**Supplied material**
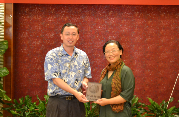 资产经营有限公司总经理涂伟为赵冰洁教授颁发华侨大学资产经营有限公司顾问聘书
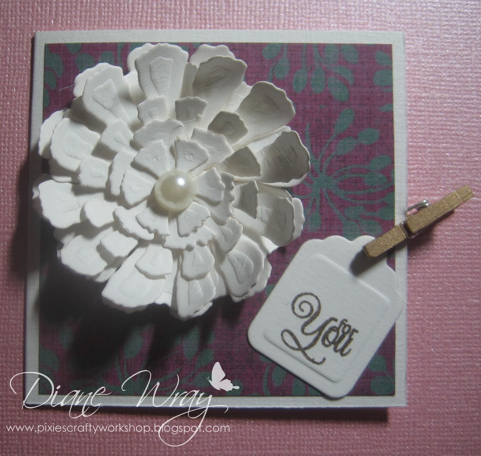 A sweet little gift box, topped with a carnation and a large pearl. I added my own row of pearls round the box itself.
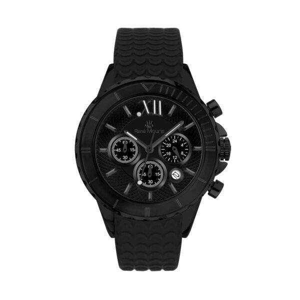 PVD 黑色錶殼,黑色陶瓷錶圈,黑色 MOP 錶盤,38 毫米錶殼尺寸,日本計時機芯,9 點鐘位置設有 60 分鐘計時盤,6 點鐘位置設有 60 秒計時盤,3 點鐘位置設有 24 小時顯示,4.5 點鐘位置設有日期顯示,黑色矽膠錶帶,藍寶石 50 米,防水玻璃。

**Directions for this task**
Omit the pictures and output all remaining material exactly.

**Problem solution**
 资产经营有限公司总经理涂伟为赵冰洁教授颁发华侨大学资产经营有限公司顾问聘书
 A sweet little gift box, topped with a carnation and a large pearl. I added my own row of pearls round the box itself.
 PVD 黑色錶殼,黑色陶瓷錶圈,黑色 MOP 錶盤,38 毫米錶殼尺寸,日本計時機芯,9 點鐘位置設有 60 分鐘計時盤,6 點鐘位置設有 60 秒計時盤,3 點鐘位置設有 24 小時顯示,4.5 點鐘位置設有日期顯示,黑色矽膠錶帶,藍寶石 50 米,防水玻璃。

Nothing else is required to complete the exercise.